The National Education Association (NEA) states that the optimal classroom size is 15 students. This is for regular programs of teaching; for specialized programs such as those for students with exceptional needs, the classroom sizes should be smaller.

Few classrooms in any school meet this guideline. Budgeting simply does not allow for enough schools and enough teachers to be able to make classrooms of this size. Many schools consider themselves lucky if they are able to keep classroom sizes under 25 or 30 students.

Classroom size is important because if a teacher has too many students in her classroom, she is not able to give each student much one-on-one time. Teachers with smaller class sizes are capable of giving students more individual attention which, in turn, helps these students to better succeed in school.

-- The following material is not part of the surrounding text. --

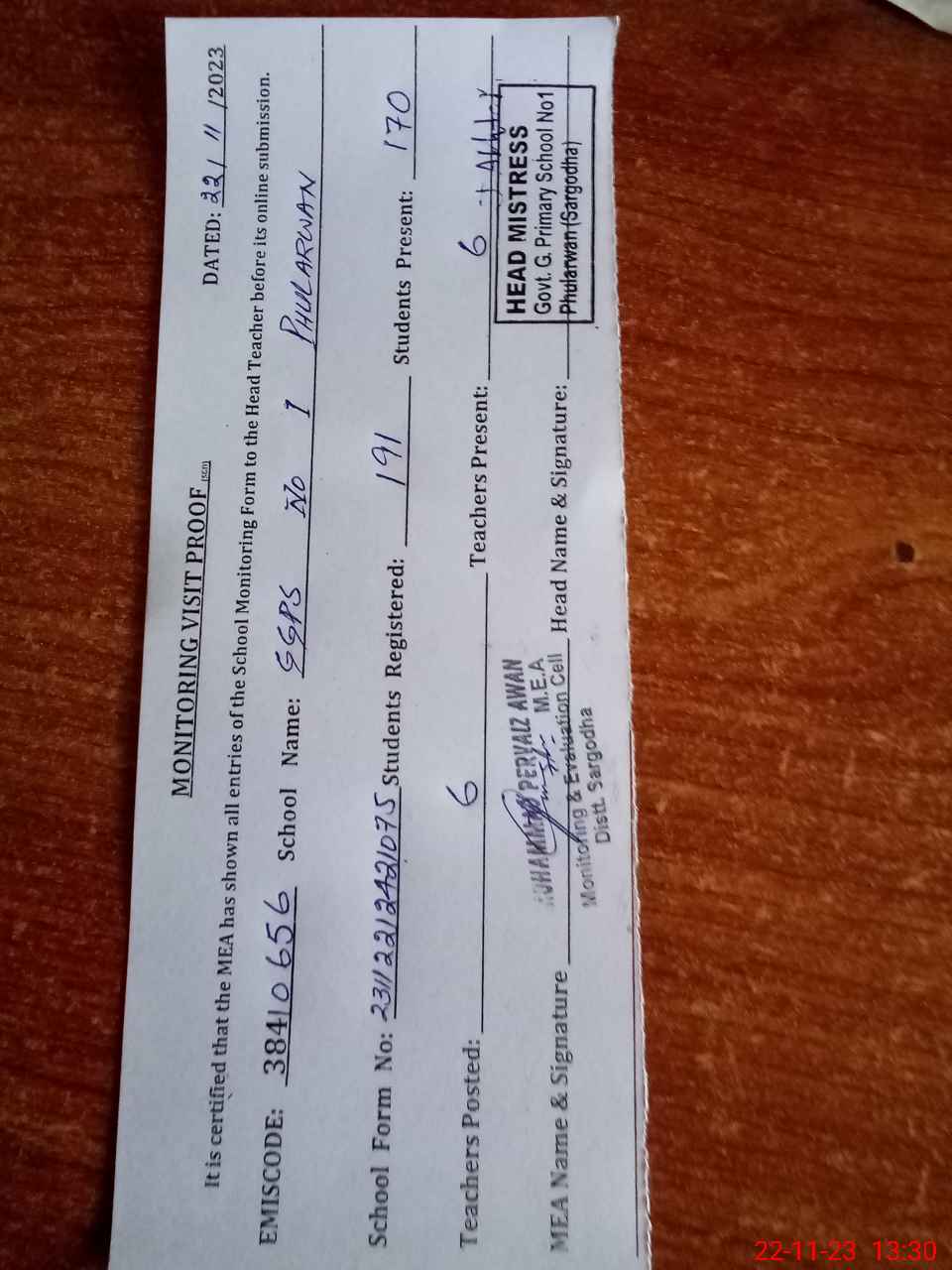 | Attendance Register | Head Teacher | MEA with School | Visit Proof |
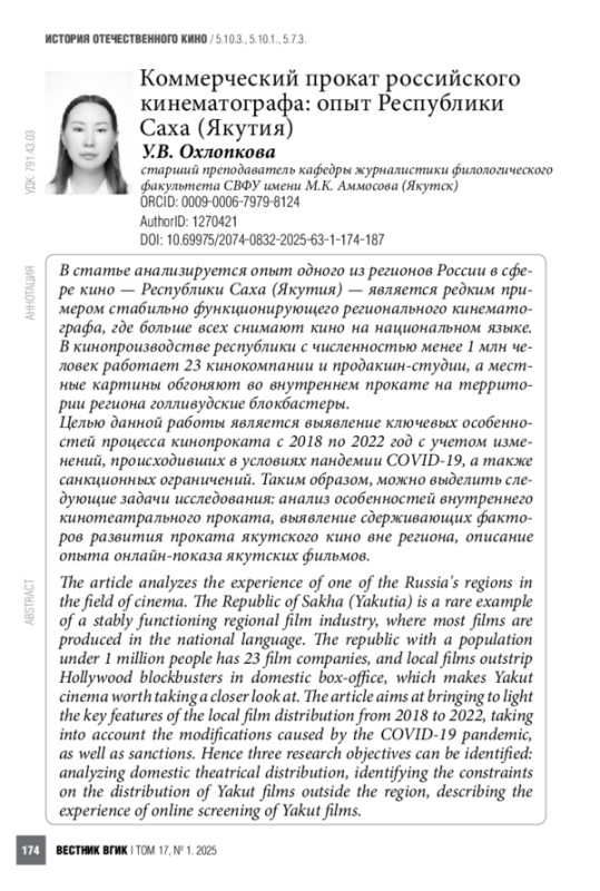 Статья: Коммерческий прокат российского кинематографа: опыт Республики Саха (Якутия)

Smaller classes are also better because of issues of safety and discipline. It is much easier for a teacher to keep order in a classroom with, say, 15 students than it is to keep order in a classroom with 35 students.

The students would also agree that they prefer smaller classes, too. In smaller classes the students find that it is easier to learn. Students like the availability of one-on-one time with the teacher, as that is much more valuable than group instruction.

The only way classroom sizes will really change is if parents get involved. Parents must make education reform an important goal of their elected representatives. Political lobbying and petitions can help, as can phone calls, letters, and emails to congressmen and state representatives. Classroom sizes need to change, and they might—if parents step in and help.